Assignment One: Search
Due: 12:30pm, Monday 25 September 2006

Some of the following problems will be easier to do if you use the CIspace applets at
http://www.cs.ubc.ca/labs/lci/CIspace/

Question One

Consider the grid world in the following figure:

CoffeeGrid.png

Assume that the robot can be in any of the white squares, and can do one step up, down, left, or right at each time. It cannot step into one of the black squares or outside of the boundary. The cost of a path is the number of steps in the path. At the squares marked with Ci are coffee shops where, if the robot goes to the square, it will be given coffee. Suppose the robot starts at the square marked as S, without coffee, and must end up at the square marked G carrying coffee.
  1. What is the state space? How many states are there?
  2. Draw the graph that represents the search space. You can use whatever notation you like as long as you explain it.
  3. Give an admissible heuristic. Your heuristic can take into account where the coffee shops are, but not where the blocked squares are. Hint: a useful concept is the Manhattan distance between two points (x1,y1) and (x2,y2) which is |x1-x2|+|y1-y2|.
  4. On your graph number the nodes in the order they are expanded in an A* search with multiple path pruning.
  5. How will your heuristic and A* change if we assume that there is a hill going down towards the right so that steps to the right cost 0.5 and steps to the left cost 1.5, and steps up and down cost 1 each.

Question Two

Progress is made in science by observing a phenomenon of interest, making hypotheses and testing the hypothesis either empirically or by proving theorems.

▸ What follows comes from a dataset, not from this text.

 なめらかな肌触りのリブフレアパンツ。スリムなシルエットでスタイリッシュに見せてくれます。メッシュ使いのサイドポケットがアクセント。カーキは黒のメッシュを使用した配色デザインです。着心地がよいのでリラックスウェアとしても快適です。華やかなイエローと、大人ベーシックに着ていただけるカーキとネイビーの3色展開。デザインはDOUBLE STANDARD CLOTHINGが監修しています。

For this question you are to think about the effect of heuristic accuracy on A* search. That is, you are to experiment with, and think about how close h(n) is to the actual distance from node n to a goal affects the efficiency and accuracy of A*. To get full marks you must at least invent and prove one theorem and show some empirical evidence for you answer. Your answers need to be precise (e.g, don't say "it works better", but say something like "it always works better", "it sometimes works better" or "it works better in a majority of cases").

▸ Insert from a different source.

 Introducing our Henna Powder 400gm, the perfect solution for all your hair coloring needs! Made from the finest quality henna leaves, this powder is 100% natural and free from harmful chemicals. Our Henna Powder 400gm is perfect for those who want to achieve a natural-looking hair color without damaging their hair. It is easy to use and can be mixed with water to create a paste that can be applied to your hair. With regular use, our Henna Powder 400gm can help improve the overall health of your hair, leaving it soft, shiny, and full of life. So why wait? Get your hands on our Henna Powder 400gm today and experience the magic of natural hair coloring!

  1. What is the effect of reducing h(n) when h(n) is already an underestimate?
  2. How does A* perform when h(n) is the exact distance from n to a goal?
  3. What happens if h(n) is not an underestimate?
One way to vary h(n) is to use the applet with the automatic node heuristics (under the search options menu) turned on, then turn it off and change heuristic values. There are ways to change all heuristic values.

Question Three

For each of the following, give a graph that is a tree (there is at most one arc into any node), contains at most 15 nodes, and has at most two arcs out of any node.
  1. Give a graph where depth-first search is much more efficient (expands fewer nodes) than breadth-first search.
  2. Give a graph where breadth-first search is much better than depth-first search.
  3. Give a graph where A* search is more efficient than either depth-first search or breadth-first search.
  4. Give a graph where depth-first search and breadth-first search are both more efficient than A* search.
You must draw the graph and show the order of the neighbors (this is needed for the depth-first search). Either give the arc costs and heuristic function or state explicitly that you are drawing the graph to scale and are using Euclidean distance for the arc costs and the heuristic function.